Problem to solve
In your copy, leave out the pictures; write out all the data exactly.

Entries supplied
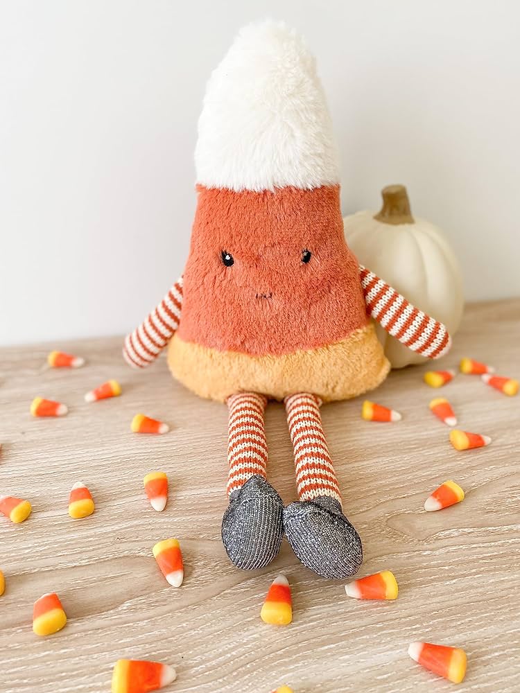 Gift a little one the ultimate Halloween treat: our Sweet Candy Corn Plush Toy. A new addition to Mon Ami’s eerie-sistible Halloween plush toy collection, this candy corn plush toy boasts a traditional white, orange and yellow color palette along with an adorable face and striped arms and legs to bring cheer over fear to a young child’s celebration. Ultra-plush and oversized, our candy corn Halloween plush toy is sure to sweeten any nursery or playroom.
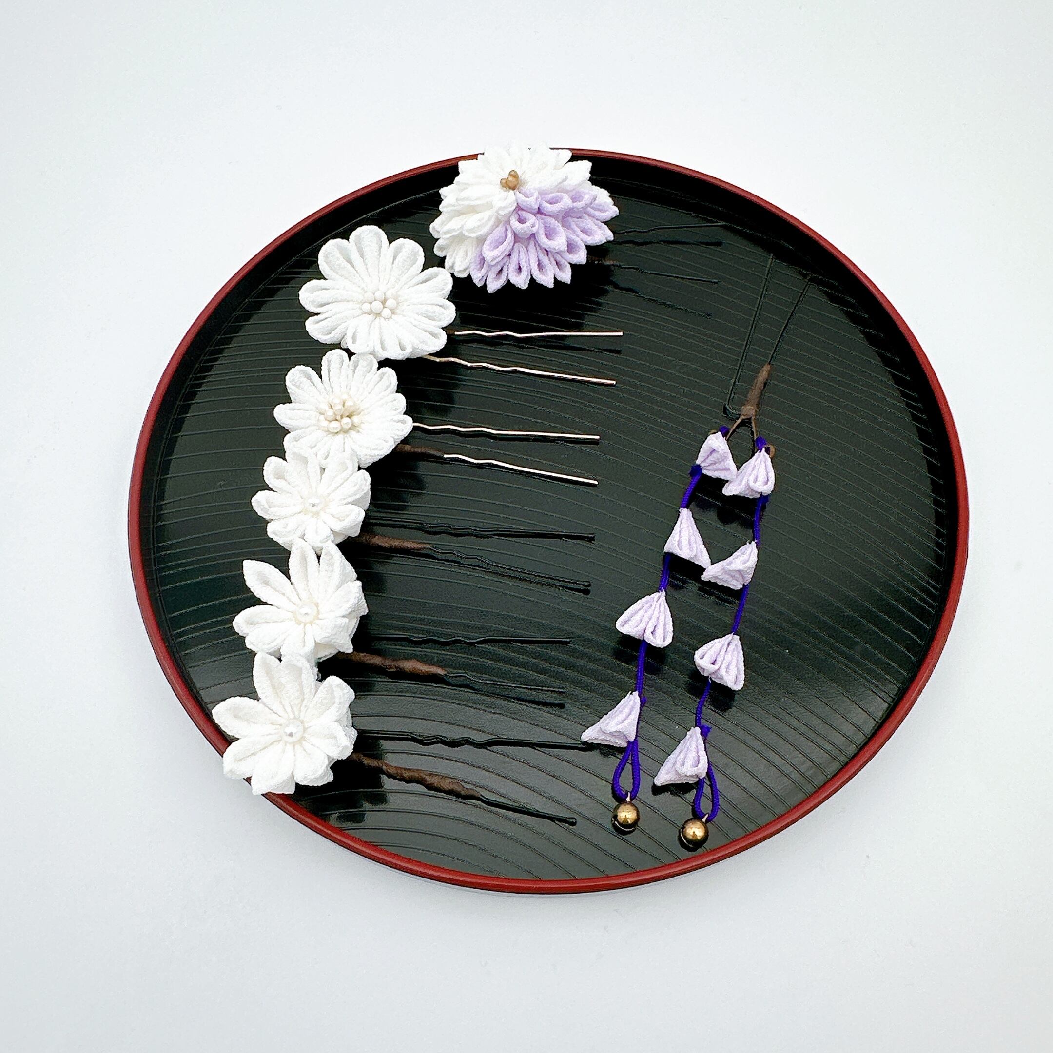 【つまみ細工のかんざしセット】かんざしセット 白・薄紫セット
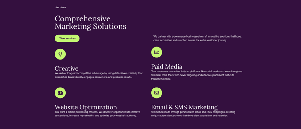 ✅ Feature grid highlighting services (Paid Media, Website Optimization, Email & SMS Marketing, Creative)
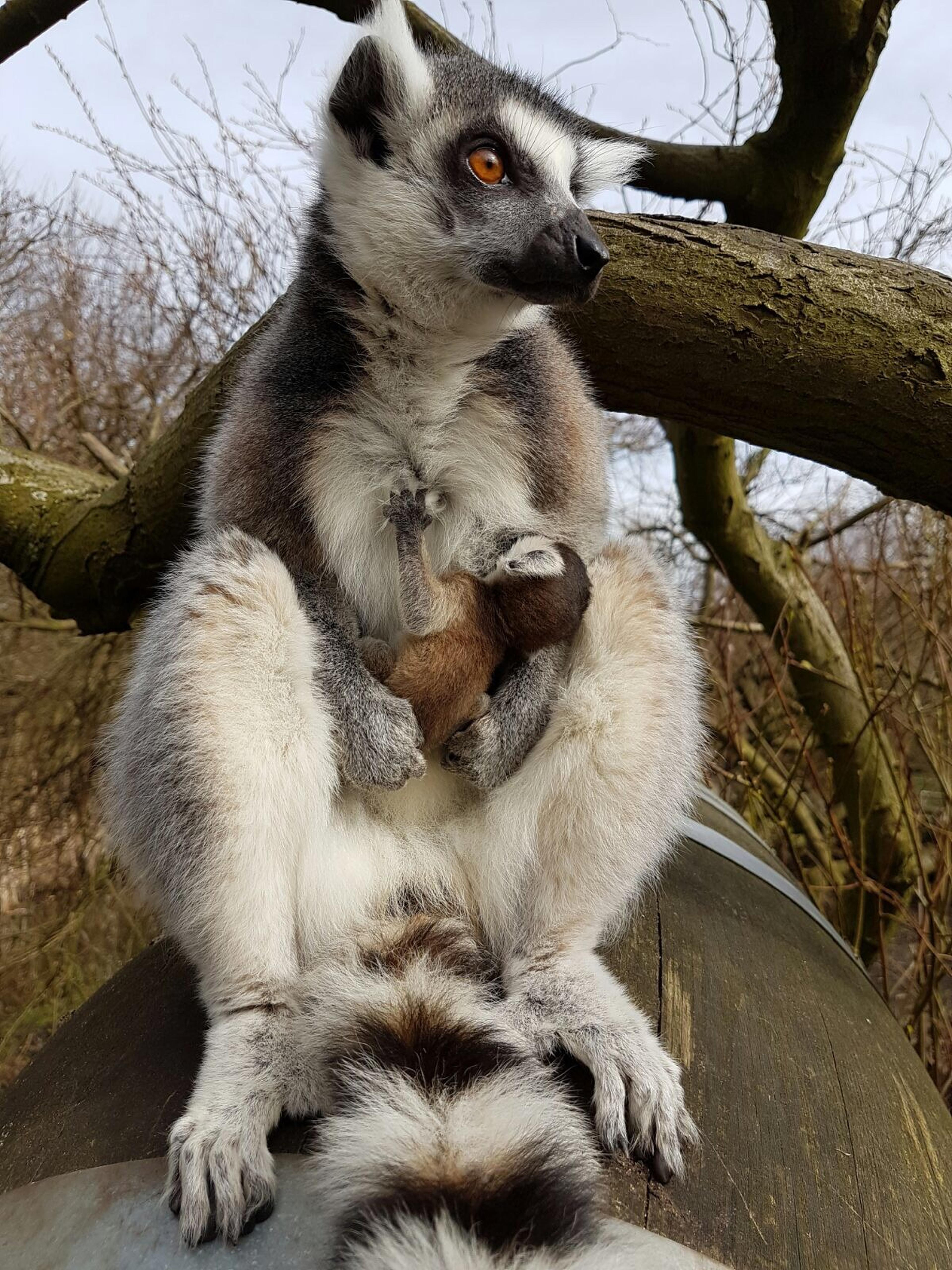 Hoogstwaarschijnlijk worden er binnenkort nog meer ringstaartmaki’s geboren, want de verzorgers verwachten dat er meer vrouwtjes in blijde verwachting zijn! De eerste paar weken zit de jonge maki nog vastgeklampt aan de buik van zijn moeder. Daarna verhuist het jong naar haar rug en begint hij al voorzichtig de wereld om zich heen te verkennen en te spelen met zijn soortgenoten.
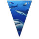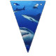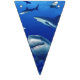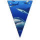 Banner flags shown with a photo print of sharks.
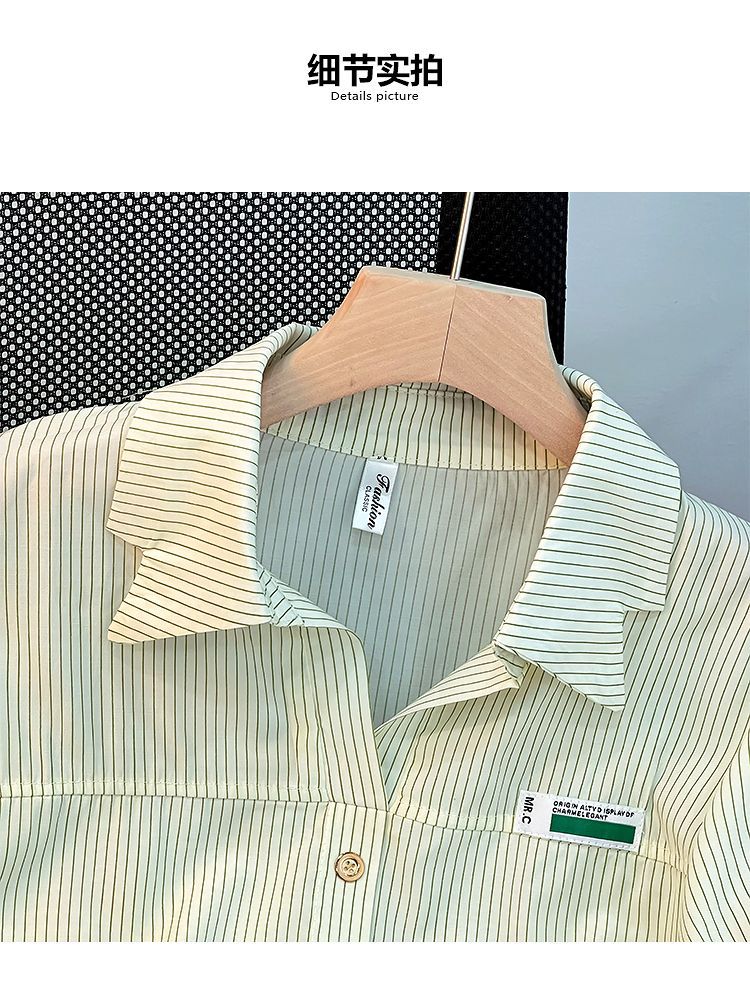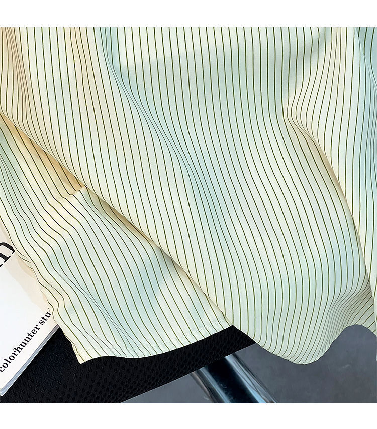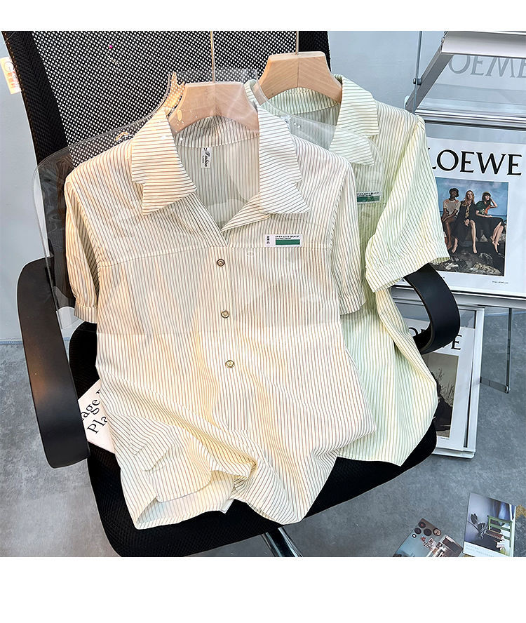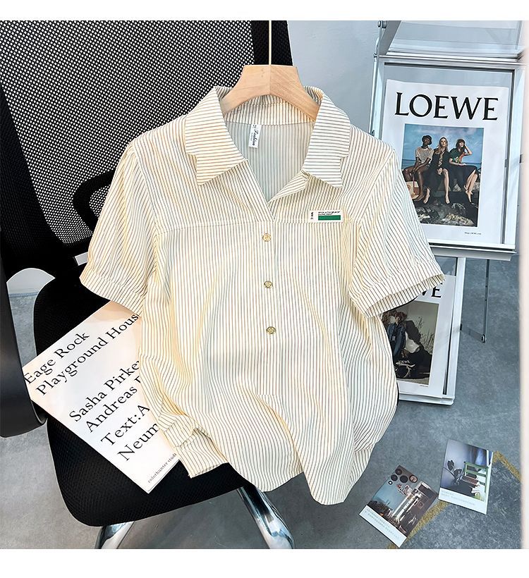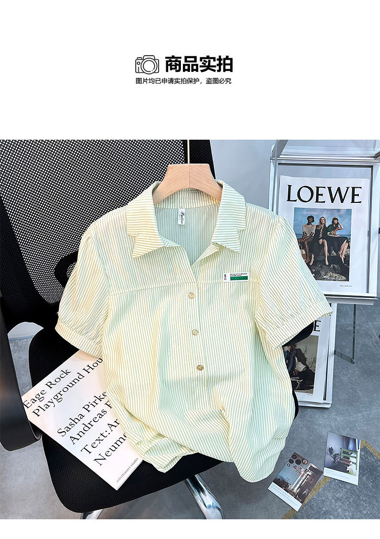 여성을위한 반팔 셔츠 2024 새로운 여름 줄무늬 세련된 아름다운 작은 셔츠 퍼프 소매 느슨한 서양식 연령 감소 탑
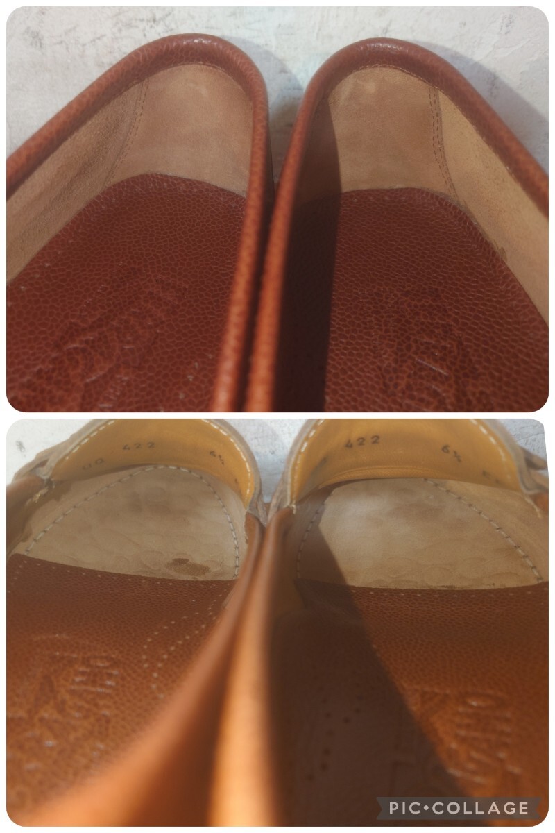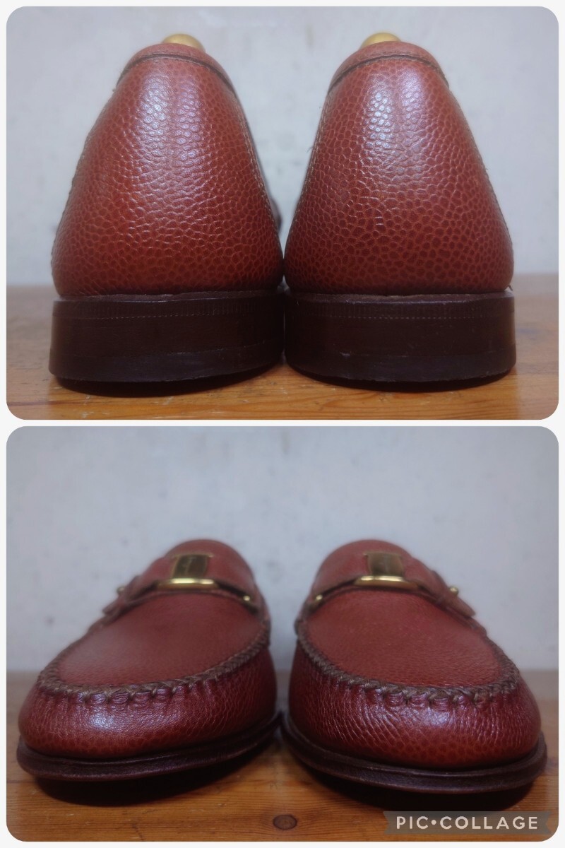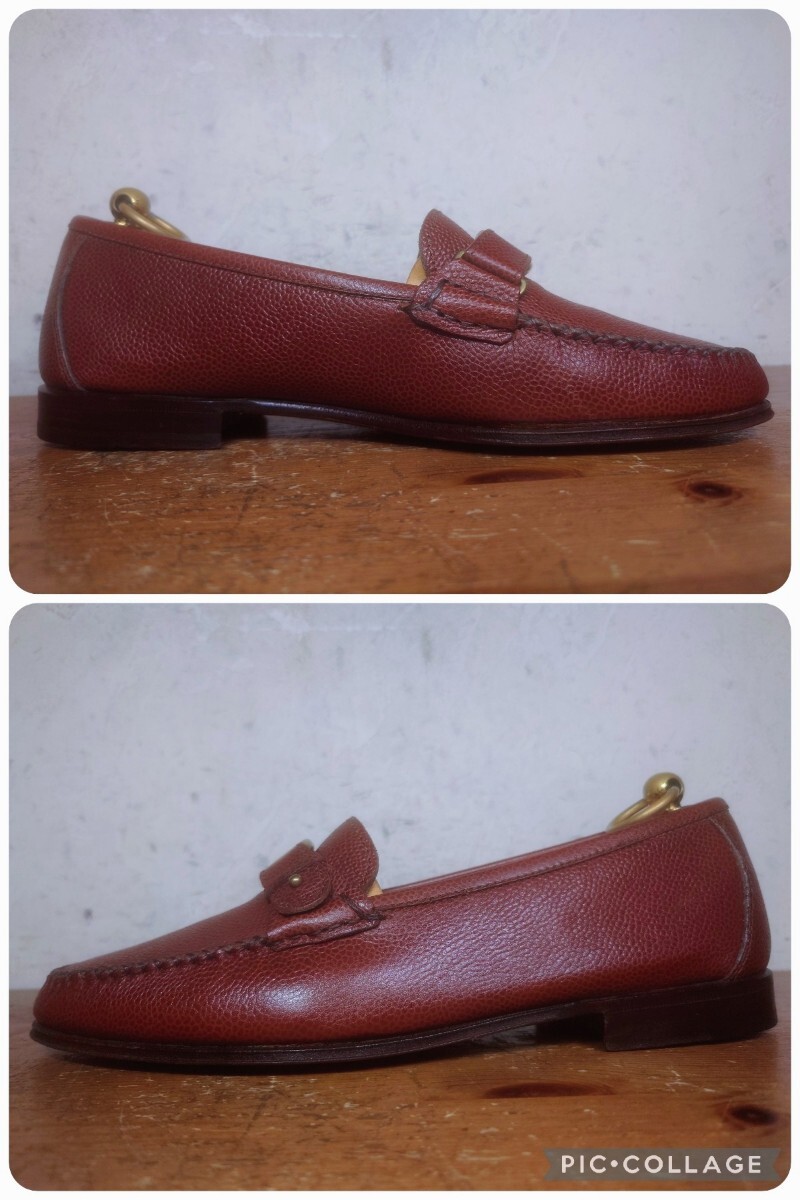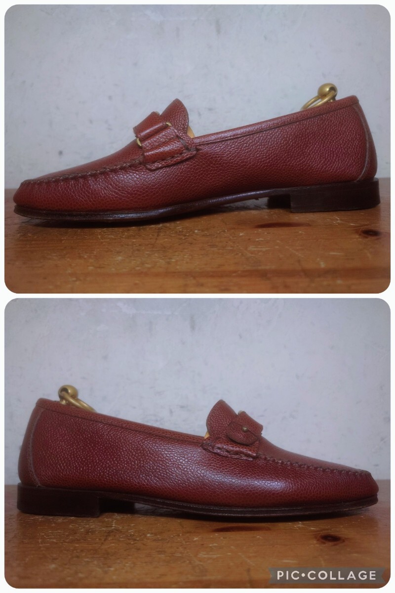 アッパーは風合い豊かな上質なグレインレザー、ゴールドのプレートがアクセントになったデザインが魅力の一足。

Finished exercise
 Gift a little one the ultimate Halloween treat: our Sweet Candy Corn Plush Toy. A new addition to Mon Ami’s eerie-sistible Halloween plush toy collection, this candy corn plush toy boasts a traditional white, orange and yellow color palette along with an adorable face and striped arms and legs to bring cheer over fear to a young child’s celebration. Ultra-plush and oversized, our candy corn Halloween plush toy is sure to sweeten any nursery or playroom.
 【つまみ細工のかんざしセット】かんざしセット 白・薄紫セット
 ✅ Feature grid highlighting services (Paid Media, Website Optimization, Email & SMS Marketing, Creative)
 Hoogstwaarschijnlijk worden er binnenkort nog meer ringstaartmaki’s geboren, want de verzorgers verwachten dat er meer vrouwtjes in blijde verwachting zijn! De eerste paar weken zit de jonge maki nog vastgeklampt aan de buik van zijn moeder. Daarna verhuist het jong naar haar rug en begint hij al voorzichtig de wereld om zich heen te verkennen en te spelen met zijn soortgenoten.
 Banner flags shown with a photo print of sharks.
 여성을위한 반팔 셔츠 2024 새로운 여름 줄무늬 세련된 아름다운 작은 셔츠 퍼프 소매 느슨한 서양식 연령 감소 탑
 アッパーは風合い豊かな上質なグレインレザー、ゴールドのプレートがアクセントになったデザインが魅力の一足。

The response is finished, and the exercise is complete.